Occasional "duplicate sample for timestamp" errors #11

Vlad-Stryapko · 2021-12-23T11:59:10Z

I use the latest version of the extension with 0.35.0 k6. Occasionally during the test I get the following error:

ERRO[0370] Failed to store timeseries. error="server returned HTTP status 400 Bad Request: duplicate sample for timestamp"

The errors are not terribly frequent, but not rare either - I've got about 25 errors after 10 minutes of the test run with 255 VUs generating the load.

Is it possible to somehow mitigate the issue so that the samples are not dropped? Also, is it possible to asses the number of duplicate samples, i.e. how many of them were not written because of the error?

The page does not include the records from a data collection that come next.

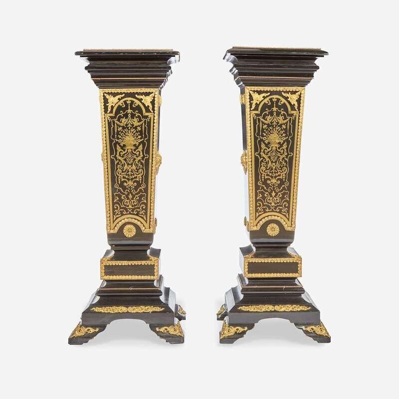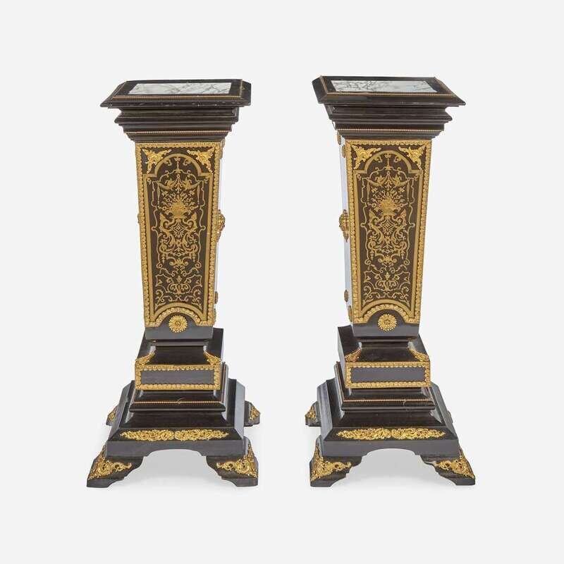 A Pair of Louis XIV Style Boulle Marquetry Inlaid Gilt-Bronze Mounted Ebonized Marble Top Pedestals 20th century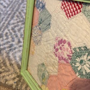 Great little shabby chic framed art ready for display. Vintage quilt has some wear- some very small rips and tears that just add to its charm. With colors of pink, yellow, blue and more. In a sturdy mint green painted frame. Would work nicely in a she-shed or nursery. Frame is 10 inches by 12 inches.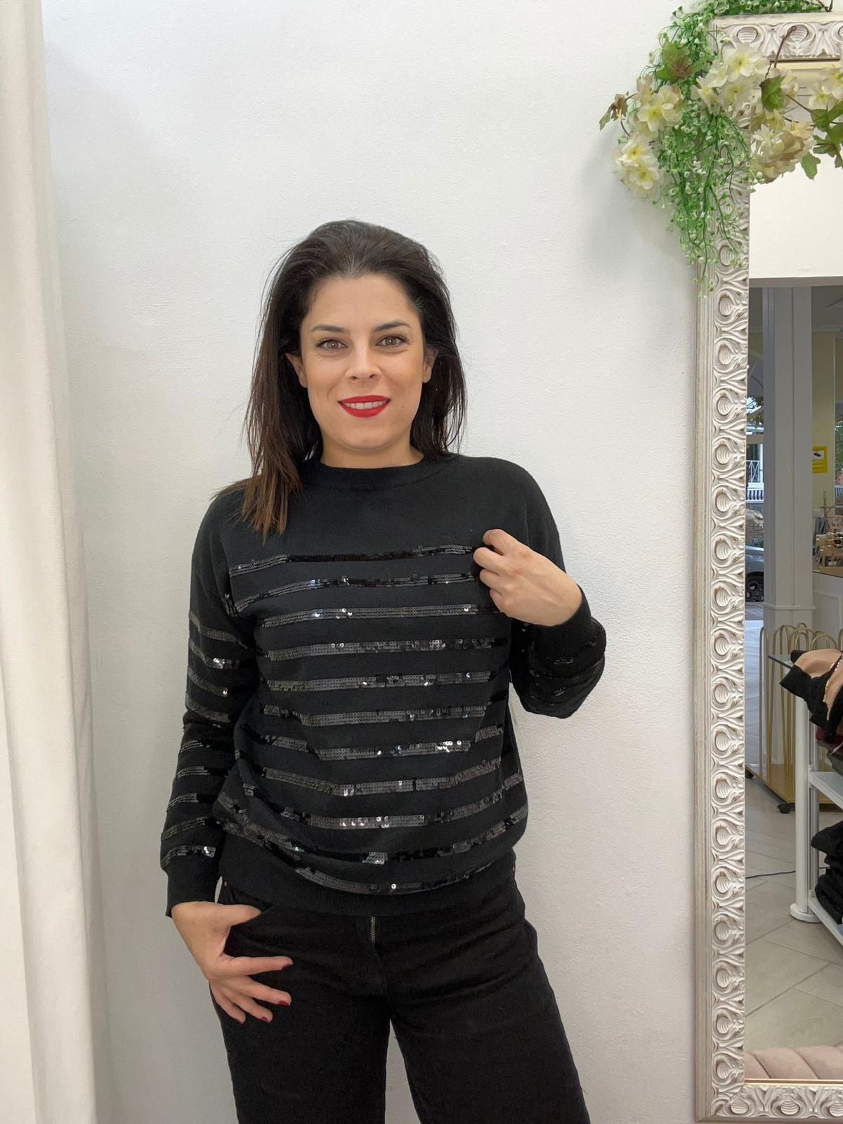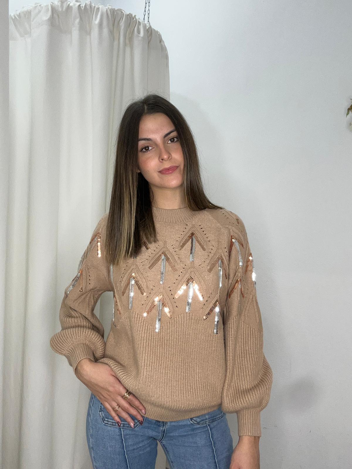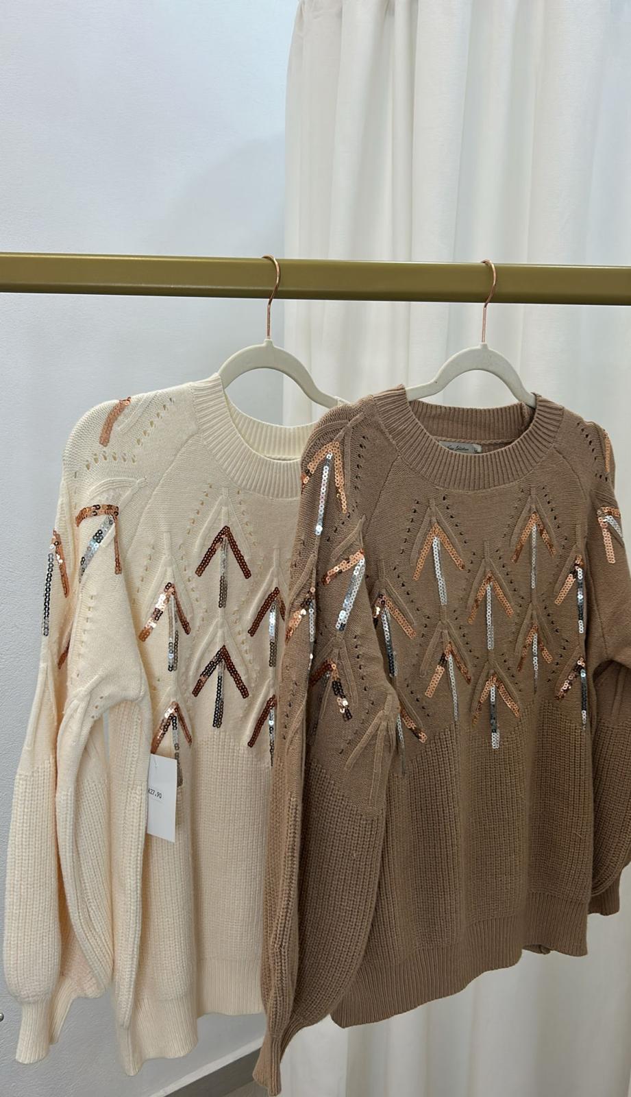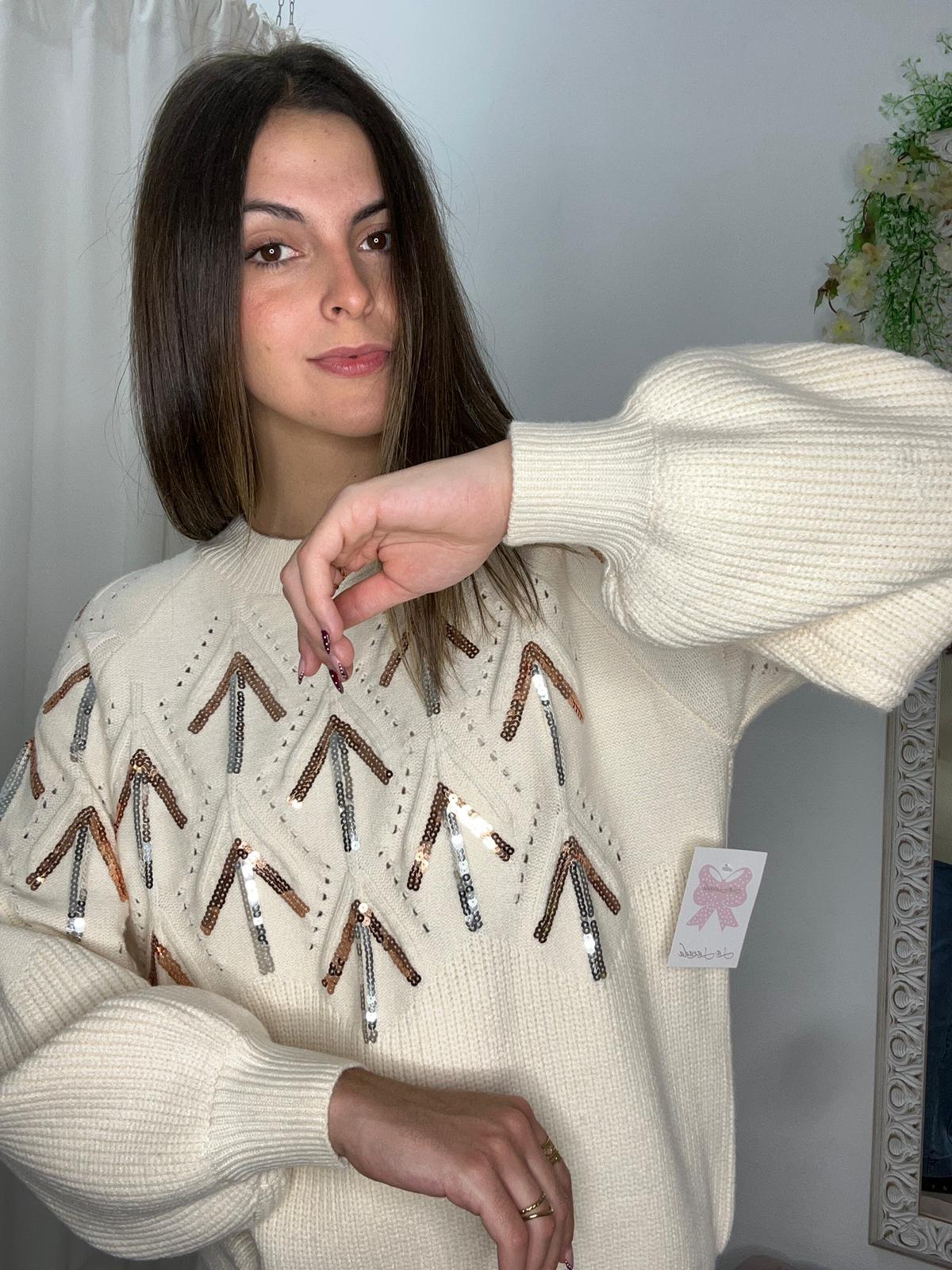 Este jersey de punto destaca por su original diseño de flechas bordadas con lentejuelas brillantes en tonos dorados y plateados. Su tejido suave y cálido lo convierte en la prenda ideal para los días de frío, mientras que los detalles decorativos aportan un toque de luz y sofisticación.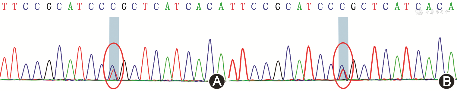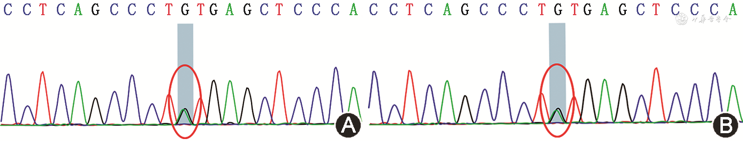 为明确诊断,经患者及家属书面知情同意,并经宁夏医科大学总医院伦理委员会批准(批号:KYLL-2023-0082)后,采集2例患者及其父母的外周全血标本,乙二胺四乙酸抗凝,进行全外显子测序。用全血基因组DNA 提取试剂盒(北京康为世纪生物科技有限公司,CWE 9600)提取DNA,用Illumina NovaSeq进行高通量测序,测序数据经Illumina Sequence Control Software(SCS)评估合格后,进行数据读取和生物信息学分析。后对突变位点行Sanger测序验证。检测结果:例1和例2存在NEU1 基因c.239C>T(p.P80L)和c.803A>G(p.Y268C)的复合杂合突变(图8,9),分别来自表型正常的父亲和母亲。患者之父NEU1基因c.803A>G位点存在一处杂合突变,患者之母NEU1基因c.239C>T位点存在一处杂合突变。NEU1基因为常染色体隐性遗传,患者存在单杂合突变的父母为携带者,理论上应不致病。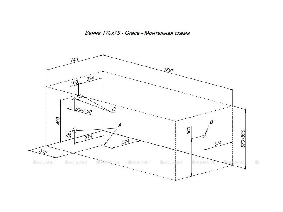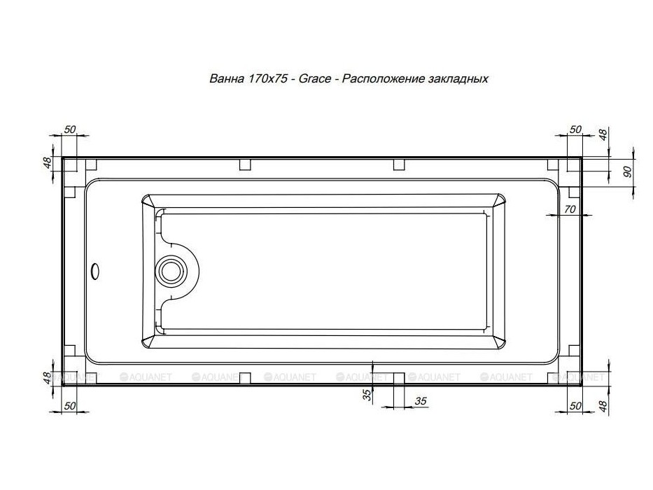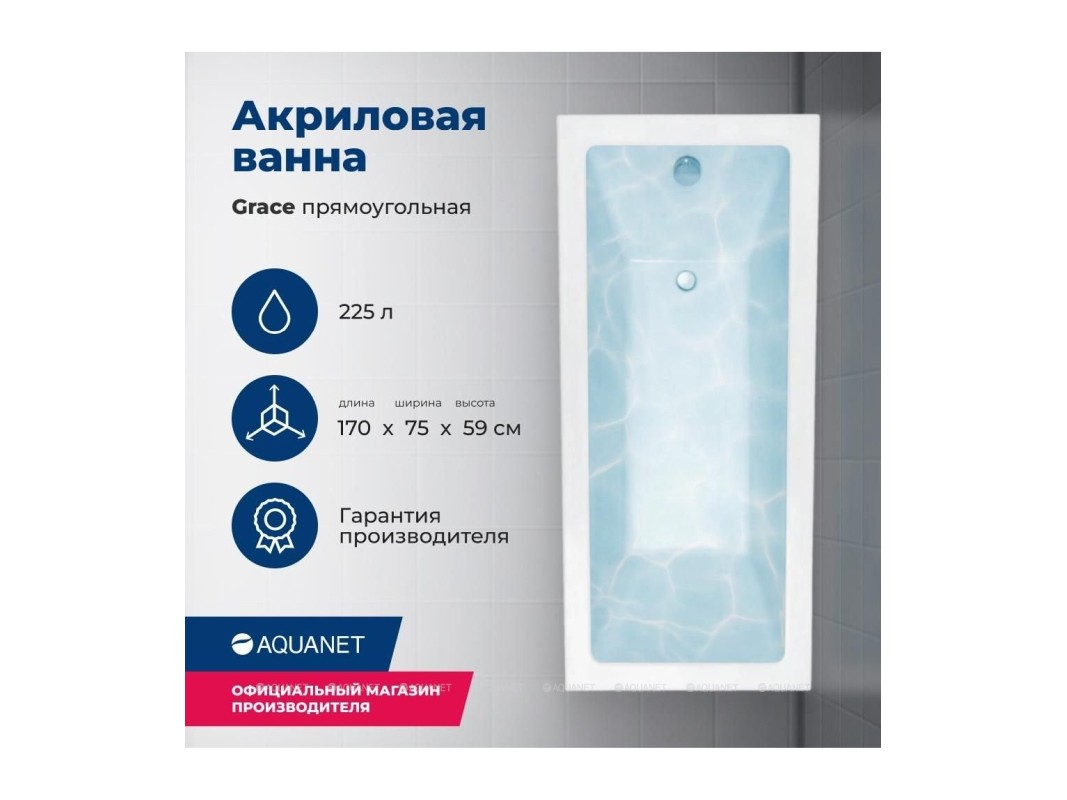 Акриловая ванна Aquanet Grace 170x75 классической прямоугольной формы отлично впишется в современный интерьер квартиры, загородного дома или гостиницы. Модель устанавливают вплотную к стене или в нишу. Материал изготовления — акрил, хорошо поглощающий звук и сохраняющий тепло. Для ухода не рекомендуется применять моющие средства, содержащие абразивные частицы. Длина составляет 170 см, ширина — 75 см. По периметру располагаются бортики, которые помогут подняться после водной процедуры или разместить шампунь, гель для душа и мочалку. Белоснежная чаша глубиной 432 мм позволяет набрать максимальное при таких параметрах корпуса количество воды — 220 л.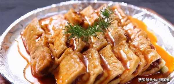 5.炸好的豆腐切成小塊,放入肉餡

yorugac · 2021-12-23T17:02:05Z

Hi @Vlad-Stryapko
Thanks for opening the issue!

Currently I'd say it isn't about "mitigating this issue" but figuring out when it happens in the first place. I've briefly looked at this issue with duplicate timestamps a few months ago but it didn't seem to behave as an easily repeatable bug (at least back then). Did you happen to notice any specific pattern when these errors happens? Maybe it's a specific k6 script or metric / tag or something in Prometheus setup, etc.

We might end up adding hacks in extension as a workaround for this error like you suggest but first, I think it makes sense to try to gather more info about it and additionally, to try out this recent improvement on Prometheus side prometheus/prometheus#9894 and see if it helps to debug the origin of the issue.

As for the amount of such errors, I don't think Prometheus has separate metric for duplicate timestamps in remote write 😞 It does have metric prometheus_target_scrapes_sample_duplicate_timestamp_total but by its name, it's probably specific for scraping.

Vlad-Stryapko · 2021-12-23T19:14:23Z

I don't think there is anything specific I've noticed. My test algorithm is pretty straightforward: I send a message to a websocket channel and when I receive a response, I add the elapsed time between a request and response to the trend.

What I think I can do is as follows: try to repro the bug on my local machine with the latest Prometheus installed; try to reproduce it with a very basic k6 test which would simply write to a trend as quickly as possible.

As to finding out the dropped data, in scope of the repro I can also introduce a counter of how many times the trend.Add was called and then compare the counter to the number of samples in Prometheus. I would assume that generally the % lost should be the same for the same configuration, e.g. 10% of the samples dropped.

Vlad-Stryapko · 2021-12-24T12:09:41Z

I was able to repro the issue with the latest Prom and k6 locally.

docker run -p 9090:9090 -v <path_to_local_prom_file>:/etc/prometheus/prometheus.yml prom/prometheus --enable-feature=remote-write-receiver --config.file=/etc/prometheus/prometheus.yml

The local file looks like this:

global:
scrape_interval: 10s
evaluation_interval: 10s

scrape_configs:

job_name: prometheus
static_configs:

targets: ['localhost:9090']

The k6 test is as follows:

import { sleep } from 'k6';

export let options = {
    stages: [
        { duration: '10s', target: 100 },
        { duration: '180s', target: 100 },
        { duration: '0s', target: 0 },
    ]
}

export default function () {
    sleep(1);
}

The first error occurs ~15 seconds after the test start, as the VUs ramp up.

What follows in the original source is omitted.